All’uopo, pertanto, potrà stabilirsi che sia l’installazione sia l’esercizio siano subordinati ad autorizzazione amministrativa, da rilasciarsi ove sussistano le condizioni previste dalla legge.
Naturalmente, quando concorrano tali condizioni, l’autorizzazione è vincolata e non meramente discrezionale, con tutte le conseguenze che tale sua natura comporta nel nostro ordinamento.
5. – In conseguenza di quanto fin qui si è detto la riserva allo Stato dei .servizi radiotelevisivi via cavo, cosi come disposta dalle norme impugnate, risulta illegittima per il concorso di due fondamentali motivi: a) perché essa include anche attività che, nei sensi anzidetti, non possono essere sottratte all’iniziativa dei privati; b) perché, nella parte di legittima operatività, essa non soggiace ad una disciplina sufficiente a garantire il raggiungimento dei fini in vista dei quali la Costituzione la consente.

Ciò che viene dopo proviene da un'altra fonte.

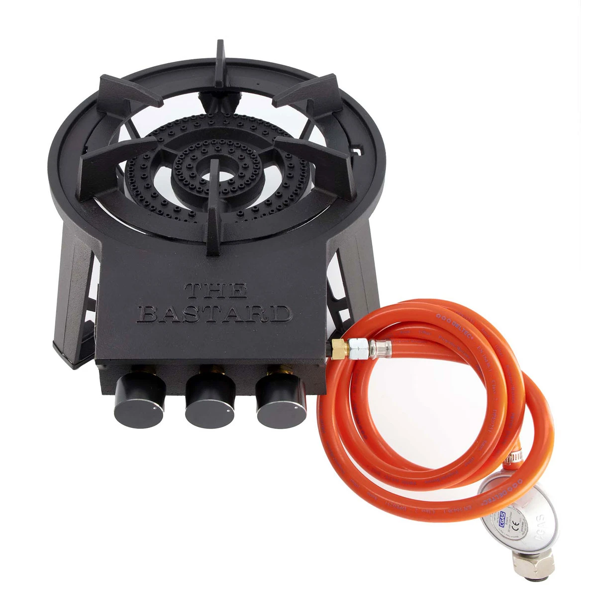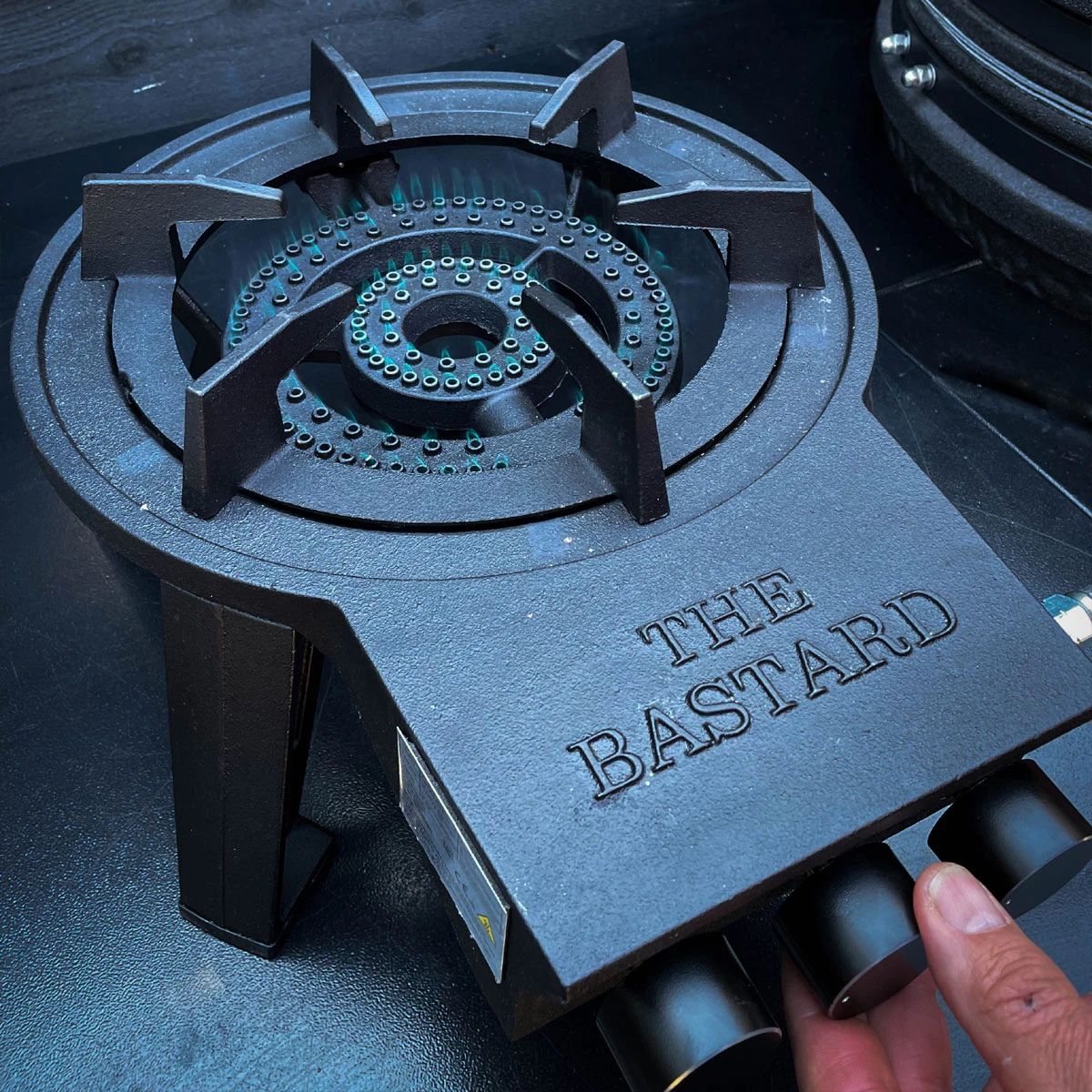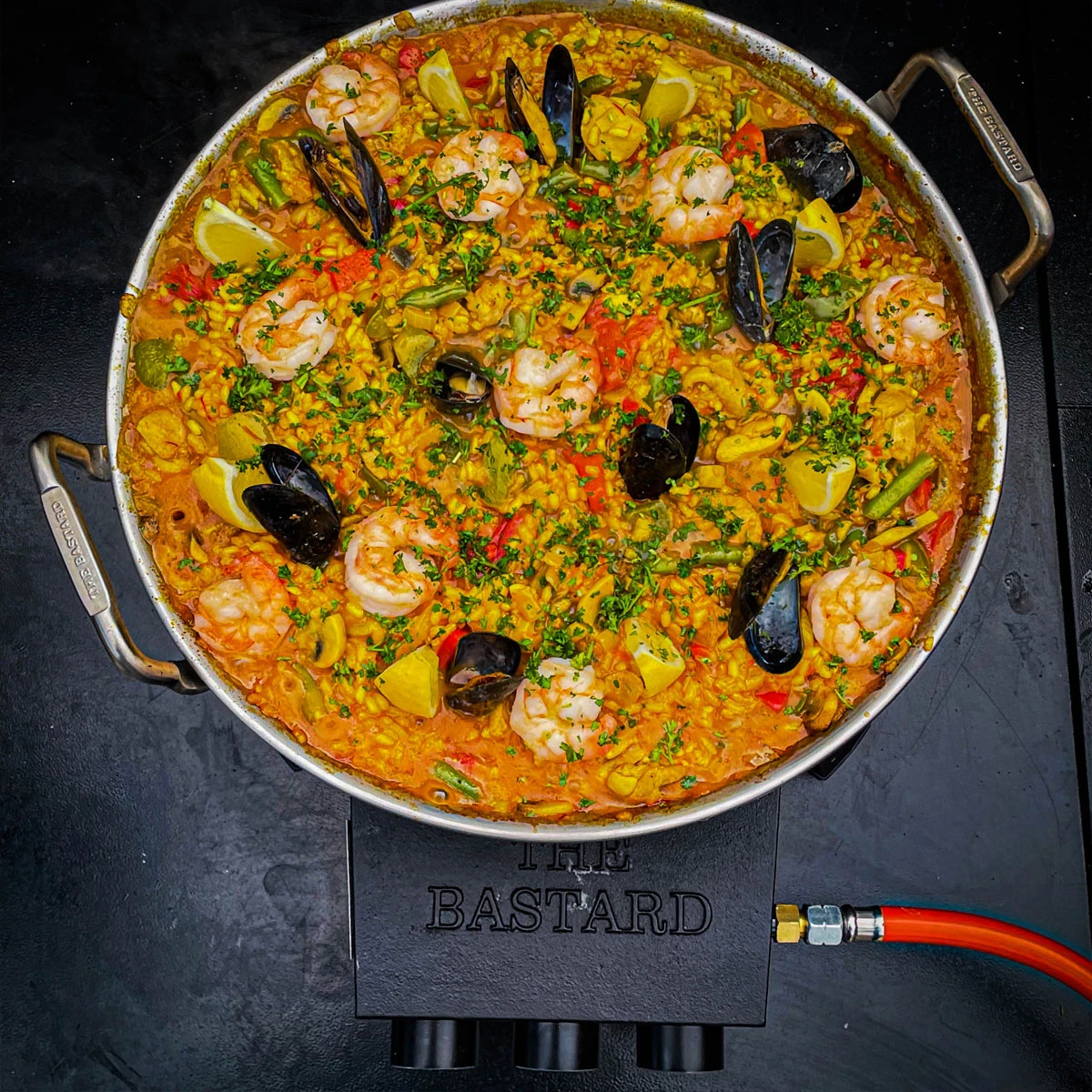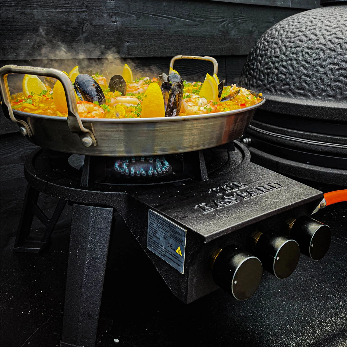 Einfach an eine anschließen und los geht’s! Mit seinen 3 stabilen Beinen platziert Ihr den l auf einem stabilen Tisch oder dem Boden. Verwendet den Brenner in Kombination mit einer Paellapfanne, einem Wok oder einer anderen Grillpfanne. So könnt Ihr auf Eurem Kamado-Grill Reis- und Pastagerichte langsam garen, während Ihr gleichzeitig auf dem Wokbrenner Eure Zutaten scharf anröstet.

Va dichiarata, in conseguenza, nei sensi di cui in motivazione, l’illegittimità Costituzionale dell’art. 1 d. pres. 29 marzo 1973 n. 156, nella parte in cui riserva allo .Stato anche l’installazione e l’esercizio di reti locali di televisione via cavo; dell’art. 183 di detto decreto, nella parte in cui vieta l’installazione e l’esercizio di tali reti senza avere previamente ottenuto la relativa concessione; dell’art. 195 di tale decreto, nella parte in cui punisce tale installazione ed esercizio senza la previa concessione.
Per questi motivi, dichiara l’illegittimità costituzionale degli art. 1, 183 e 195 d. pres. 29 marzo 1973 n. 156 (col quale è stato approvato il testo unico delle disposizioni legislative in materia postale, di bancoposta e di telecomunicazioni), nelle parti relative ai servizi di televisione via cavo.